So essentially how this works is:
There is a comparator on substraction mode connected to an item frame, and the signal strength it out puts must be of 1. The chest has a set amount of items, depending on the strength of the comparator connected to the item frame, so it lowers the signal strength to 1. If the item frame turns are higher than the designated turns, the comparator will output a strength signal of 2+, thus powering a repeater. This reapeter will power the side of the output comparator, wich is in substraction mode, so it will output a signal of 0.
If the turns are lower than the designated turns, the comparator will output a signal of 0, so the output comparator will have an output of 0.

by FeeAdventurous5690

1 Comment

  1. So, the two-dust/repeaters/comparator thing is an example of a [1-detector](https://minecraft.fandom.com/wiki/User:Munin295/Analog_circuit#1-Detector). The link has some other designs, some 1-wide.
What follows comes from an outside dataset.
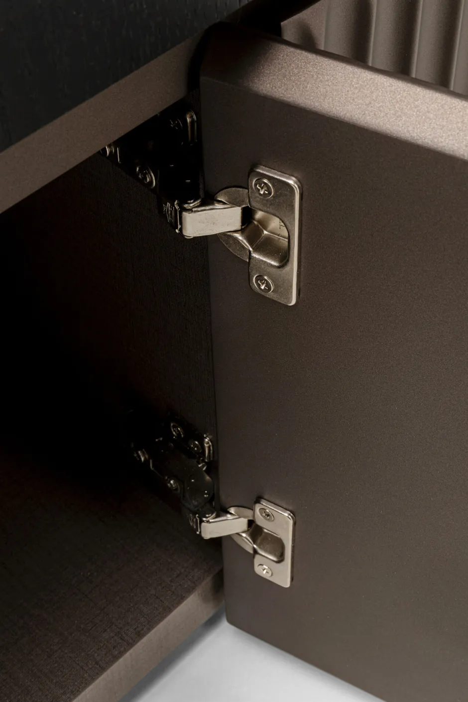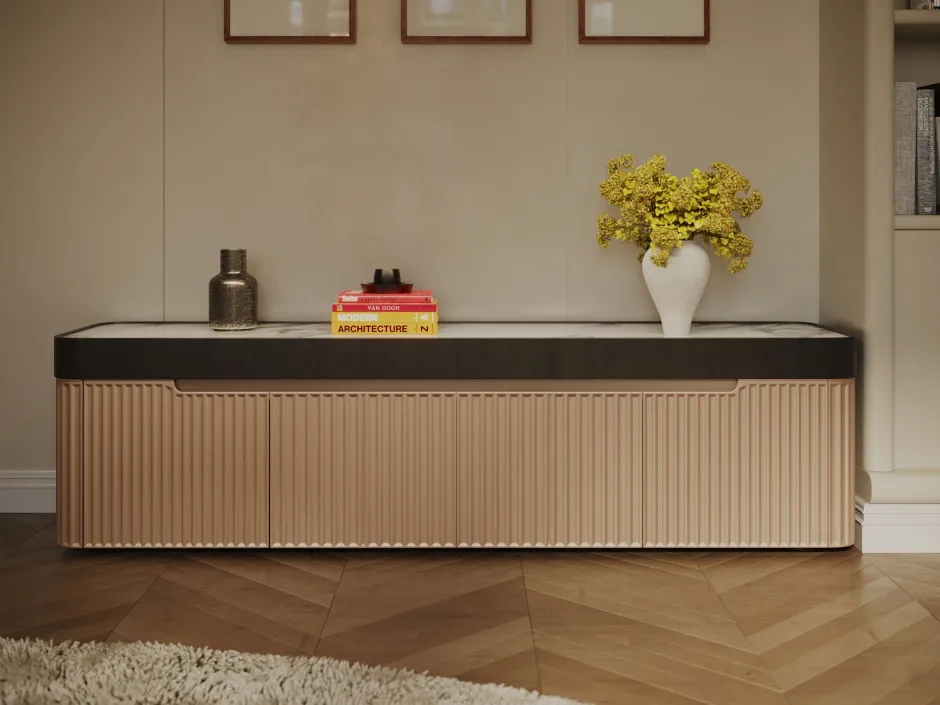 - Grifflose Türen und die klarlinige strukturierte Front verleihen dem niedrigen Sideboard seinen Designfaktor

    I’d suggest alternating circuit height here. After each item frame comparator, alternate dropping the circuit with a block over dust and raising the circuit with dust on a block. That should give you the room to overlap circuits on top of each other rather than extending out in the distance. You may find it easier to have the two rightmost circuits point right instead of left and then have all your outputs face rearwards.

    The signal strength chest’s comparator doesn’t need dust between it and the item frame comparator, you can point the comparator right into the other comparator’s side.

    Currently, your two-dusts can interfere with adjacent comparator lines. Alternating heights should fix that.